*** Study material ***

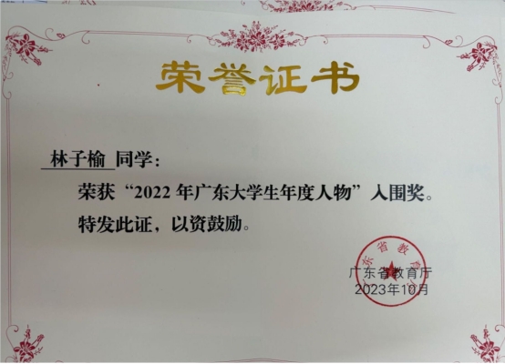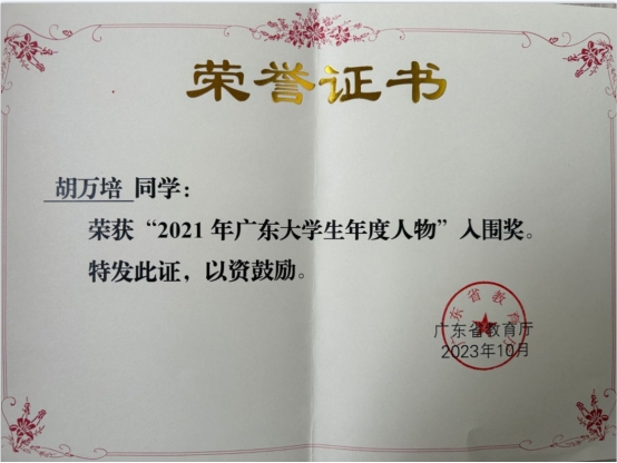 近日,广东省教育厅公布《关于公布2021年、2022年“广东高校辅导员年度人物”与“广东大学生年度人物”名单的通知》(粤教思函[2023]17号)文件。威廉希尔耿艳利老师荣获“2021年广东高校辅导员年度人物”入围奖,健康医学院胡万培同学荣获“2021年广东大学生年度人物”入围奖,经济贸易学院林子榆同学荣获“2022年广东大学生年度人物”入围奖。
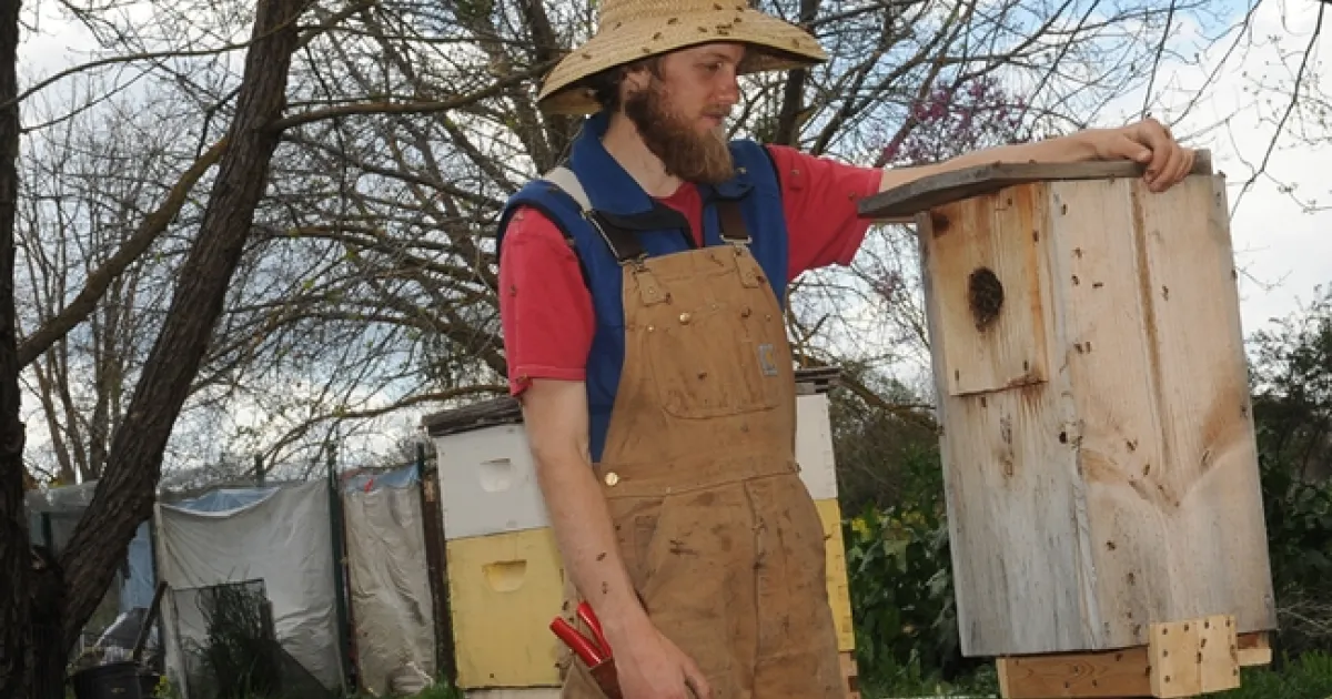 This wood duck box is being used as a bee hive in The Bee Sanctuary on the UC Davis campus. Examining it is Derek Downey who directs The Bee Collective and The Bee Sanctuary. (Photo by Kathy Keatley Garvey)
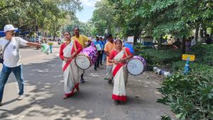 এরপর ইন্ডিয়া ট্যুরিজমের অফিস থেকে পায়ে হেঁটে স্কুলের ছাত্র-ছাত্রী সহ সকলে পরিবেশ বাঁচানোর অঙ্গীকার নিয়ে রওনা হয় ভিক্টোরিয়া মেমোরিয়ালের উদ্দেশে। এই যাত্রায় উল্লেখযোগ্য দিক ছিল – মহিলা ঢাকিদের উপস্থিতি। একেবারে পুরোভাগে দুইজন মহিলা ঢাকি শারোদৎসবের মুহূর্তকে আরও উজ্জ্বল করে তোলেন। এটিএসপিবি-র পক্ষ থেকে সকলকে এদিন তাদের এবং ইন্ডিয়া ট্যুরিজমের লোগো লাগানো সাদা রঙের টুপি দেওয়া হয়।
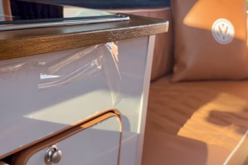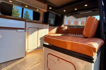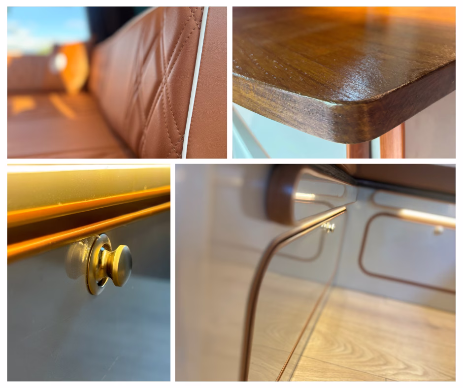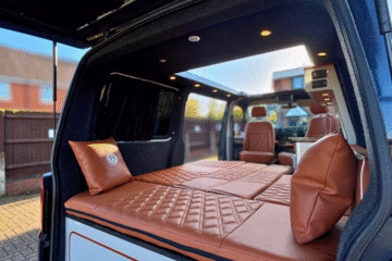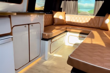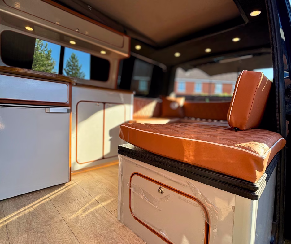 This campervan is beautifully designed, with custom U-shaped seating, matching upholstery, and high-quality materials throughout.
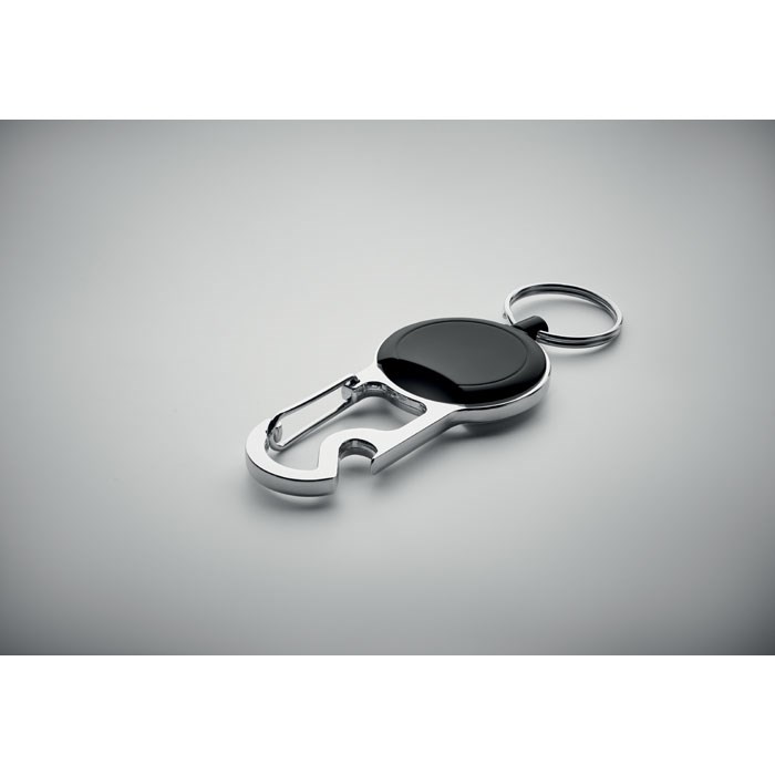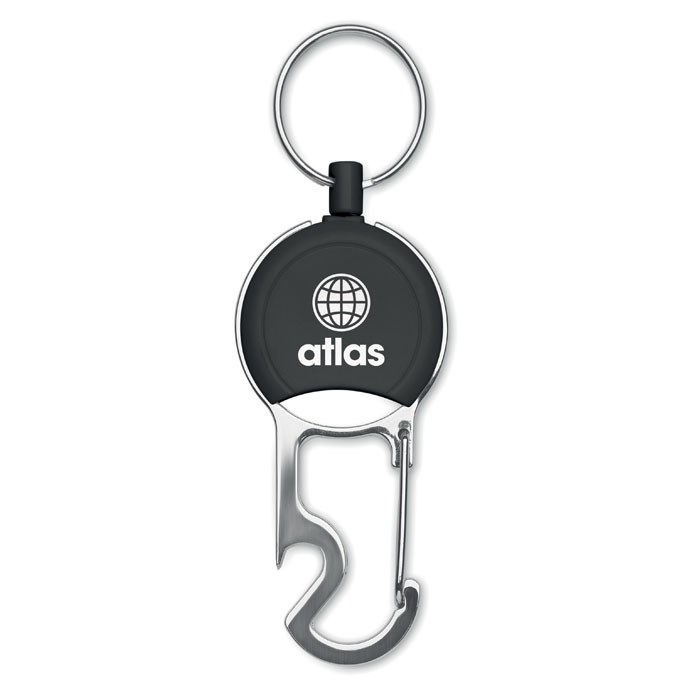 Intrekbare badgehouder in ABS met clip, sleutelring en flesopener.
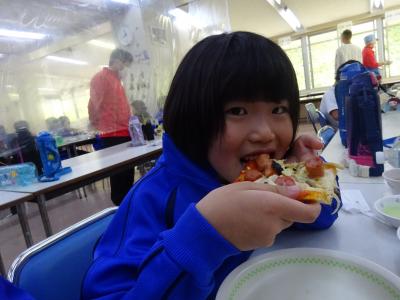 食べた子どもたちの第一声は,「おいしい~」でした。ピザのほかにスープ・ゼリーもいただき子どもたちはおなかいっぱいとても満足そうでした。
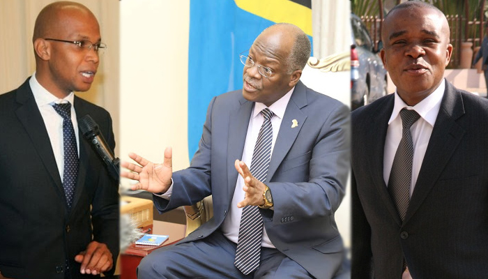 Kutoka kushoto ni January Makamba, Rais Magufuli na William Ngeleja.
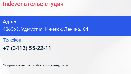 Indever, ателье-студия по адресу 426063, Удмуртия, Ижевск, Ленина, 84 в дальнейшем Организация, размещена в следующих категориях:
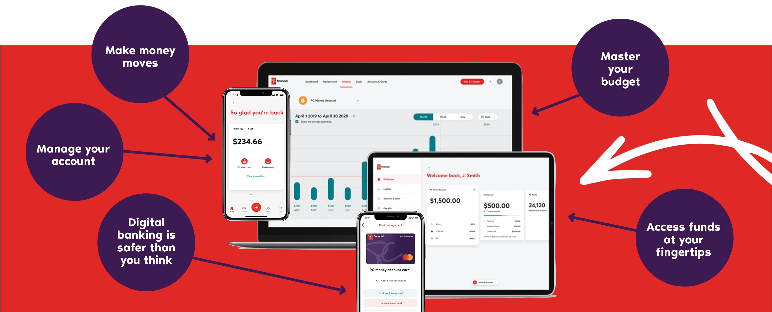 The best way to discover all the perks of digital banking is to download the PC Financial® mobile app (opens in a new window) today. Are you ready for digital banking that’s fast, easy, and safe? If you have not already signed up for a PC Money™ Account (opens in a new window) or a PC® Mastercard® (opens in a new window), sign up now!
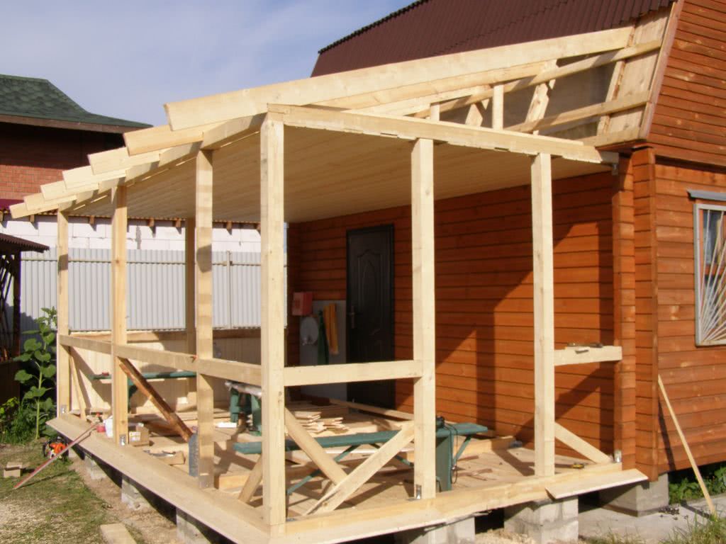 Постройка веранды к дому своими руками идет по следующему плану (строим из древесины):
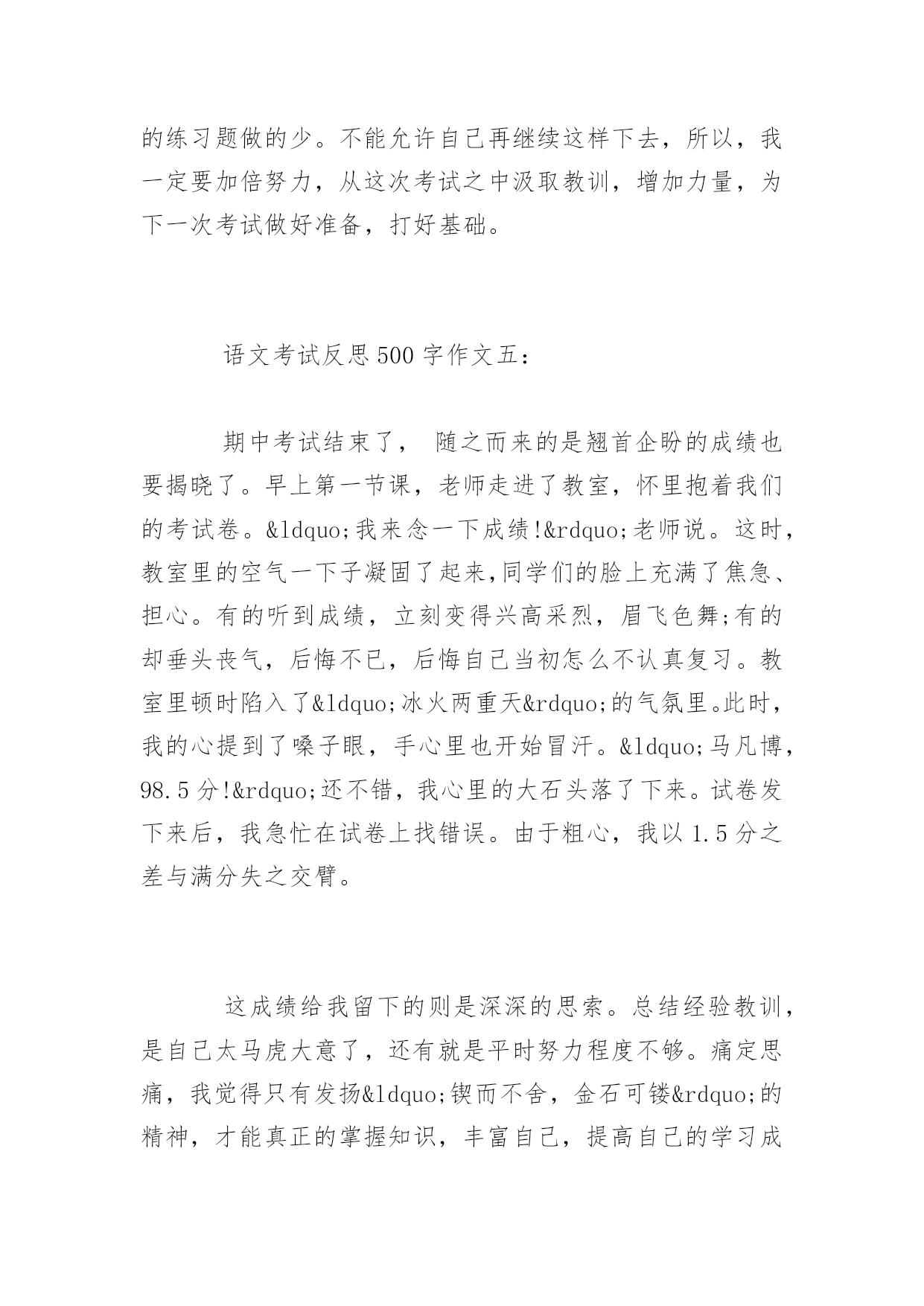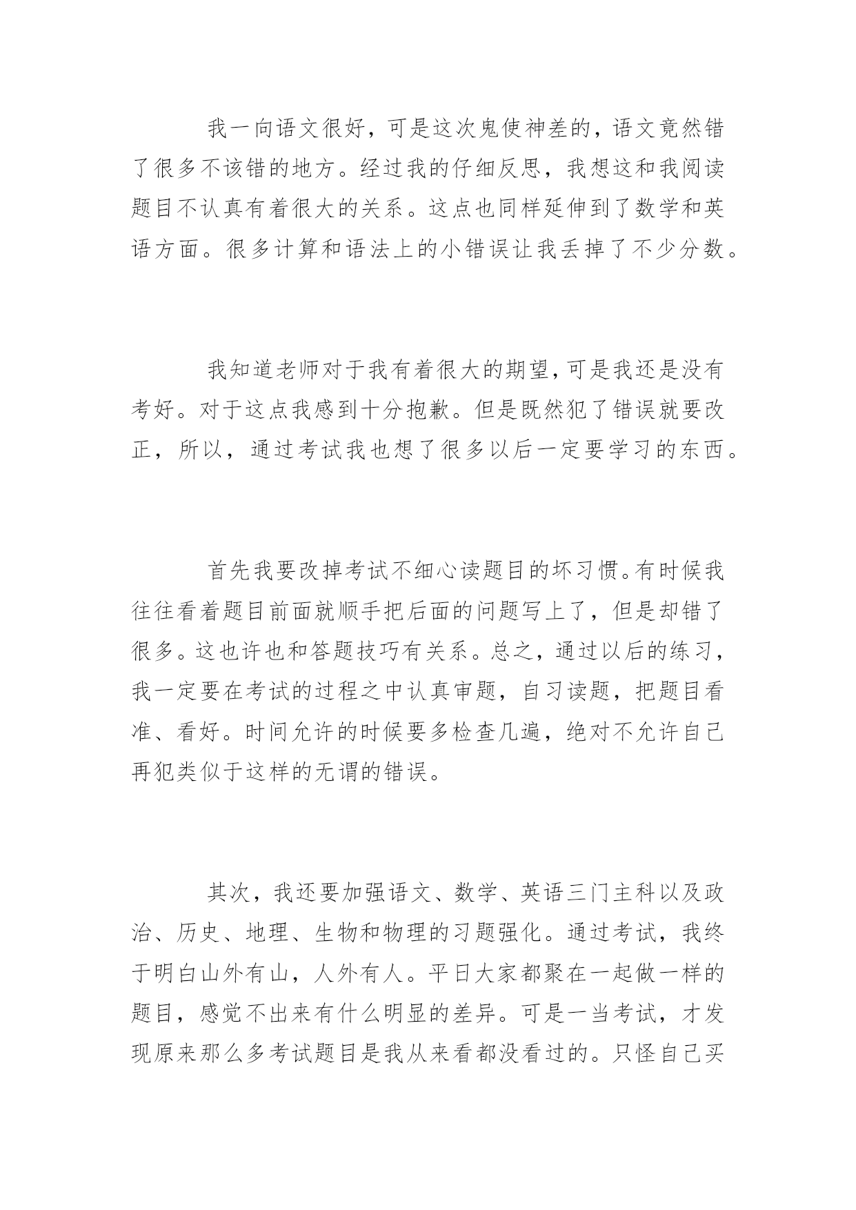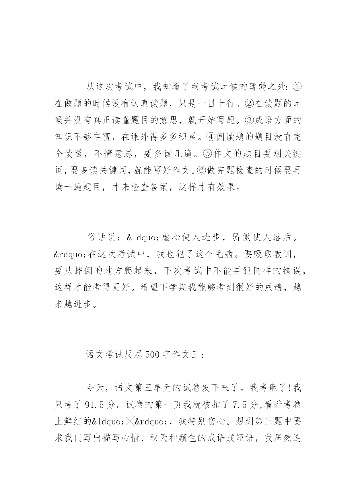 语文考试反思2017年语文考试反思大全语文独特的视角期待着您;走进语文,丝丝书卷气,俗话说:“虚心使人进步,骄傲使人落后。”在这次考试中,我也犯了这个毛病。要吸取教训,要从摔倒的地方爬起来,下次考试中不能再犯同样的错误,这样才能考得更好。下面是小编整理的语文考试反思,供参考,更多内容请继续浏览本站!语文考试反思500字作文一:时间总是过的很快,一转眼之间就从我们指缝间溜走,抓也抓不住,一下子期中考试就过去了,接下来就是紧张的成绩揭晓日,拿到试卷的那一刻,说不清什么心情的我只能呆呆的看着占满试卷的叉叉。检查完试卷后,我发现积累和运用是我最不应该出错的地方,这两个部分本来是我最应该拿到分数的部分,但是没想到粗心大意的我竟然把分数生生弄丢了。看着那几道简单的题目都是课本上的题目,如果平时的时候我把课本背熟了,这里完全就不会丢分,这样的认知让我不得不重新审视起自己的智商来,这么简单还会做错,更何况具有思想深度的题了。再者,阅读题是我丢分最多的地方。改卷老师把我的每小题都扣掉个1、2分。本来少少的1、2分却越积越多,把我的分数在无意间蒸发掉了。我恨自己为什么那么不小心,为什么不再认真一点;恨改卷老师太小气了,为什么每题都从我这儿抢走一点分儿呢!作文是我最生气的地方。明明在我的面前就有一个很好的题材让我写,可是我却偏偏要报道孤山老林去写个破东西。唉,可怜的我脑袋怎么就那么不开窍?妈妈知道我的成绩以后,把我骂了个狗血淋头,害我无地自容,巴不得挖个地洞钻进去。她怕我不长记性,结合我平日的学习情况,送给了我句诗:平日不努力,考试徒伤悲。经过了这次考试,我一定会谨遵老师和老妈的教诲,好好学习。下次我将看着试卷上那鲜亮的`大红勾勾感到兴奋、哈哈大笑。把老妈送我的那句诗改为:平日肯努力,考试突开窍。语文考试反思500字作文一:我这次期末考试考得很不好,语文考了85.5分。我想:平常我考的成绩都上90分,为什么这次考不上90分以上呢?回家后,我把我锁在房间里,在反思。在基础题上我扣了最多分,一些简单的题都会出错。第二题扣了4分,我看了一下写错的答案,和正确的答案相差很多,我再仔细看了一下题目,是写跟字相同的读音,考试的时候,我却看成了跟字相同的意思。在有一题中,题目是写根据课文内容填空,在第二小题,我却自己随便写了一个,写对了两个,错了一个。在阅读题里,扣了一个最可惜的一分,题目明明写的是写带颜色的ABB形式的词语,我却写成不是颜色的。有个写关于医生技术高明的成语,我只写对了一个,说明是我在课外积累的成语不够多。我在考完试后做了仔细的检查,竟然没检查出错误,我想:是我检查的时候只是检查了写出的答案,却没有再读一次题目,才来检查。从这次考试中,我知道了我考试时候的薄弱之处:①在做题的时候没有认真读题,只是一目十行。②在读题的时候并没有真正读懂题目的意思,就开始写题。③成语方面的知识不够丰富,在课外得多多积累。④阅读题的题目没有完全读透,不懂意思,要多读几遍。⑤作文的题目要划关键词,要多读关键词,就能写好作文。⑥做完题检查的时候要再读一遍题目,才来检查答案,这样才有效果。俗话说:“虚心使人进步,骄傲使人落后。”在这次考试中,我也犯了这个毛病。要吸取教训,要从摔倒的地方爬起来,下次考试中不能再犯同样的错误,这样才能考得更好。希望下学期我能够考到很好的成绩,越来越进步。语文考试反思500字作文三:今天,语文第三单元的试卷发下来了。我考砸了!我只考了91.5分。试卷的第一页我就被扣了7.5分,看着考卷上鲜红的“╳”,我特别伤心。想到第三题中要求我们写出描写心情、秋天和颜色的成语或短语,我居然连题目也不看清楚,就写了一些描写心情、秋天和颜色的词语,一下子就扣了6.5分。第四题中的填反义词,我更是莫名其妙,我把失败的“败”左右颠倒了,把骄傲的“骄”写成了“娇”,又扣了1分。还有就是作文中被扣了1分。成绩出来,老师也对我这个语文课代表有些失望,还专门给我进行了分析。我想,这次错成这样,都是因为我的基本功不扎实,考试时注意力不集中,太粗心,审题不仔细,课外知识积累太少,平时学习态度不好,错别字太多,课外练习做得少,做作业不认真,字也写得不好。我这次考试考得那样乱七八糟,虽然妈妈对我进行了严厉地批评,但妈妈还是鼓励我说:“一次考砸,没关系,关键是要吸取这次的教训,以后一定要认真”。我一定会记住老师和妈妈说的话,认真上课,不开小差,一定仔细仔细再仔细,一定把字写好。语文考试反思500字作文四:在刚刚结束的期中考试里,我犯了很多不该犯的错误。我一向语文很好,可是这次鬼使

***

This exercise asks for an exact copy of the lines from the first one in the data through the line that contains "This wood duck", pictures excluded.

 近日,广东省教育厅公布《关于公布2021年、2022年“广东高校辅导员年度人物”与“广东大学生年度人物”名单的通知》(粤教思函[2023]17号)文件。威廉希尔耿艳利老师荣获“2021年广东高校辅导员年度人物”入围奖,健康医学院胡万培同学荣获“2021年广东大学生年度人物”入围奖,经济贸易学院林子榆同学荣获“2022年广东大学生年度人物”入围奖。
 This wood duck box is being used as a bee hive in The Bee Sanctuary on the UC Davis campus. Examining it is Derek Downey who directs The Bee Collective and The Bee Sanctuary. (Photo by Kathy Keatley Garvey)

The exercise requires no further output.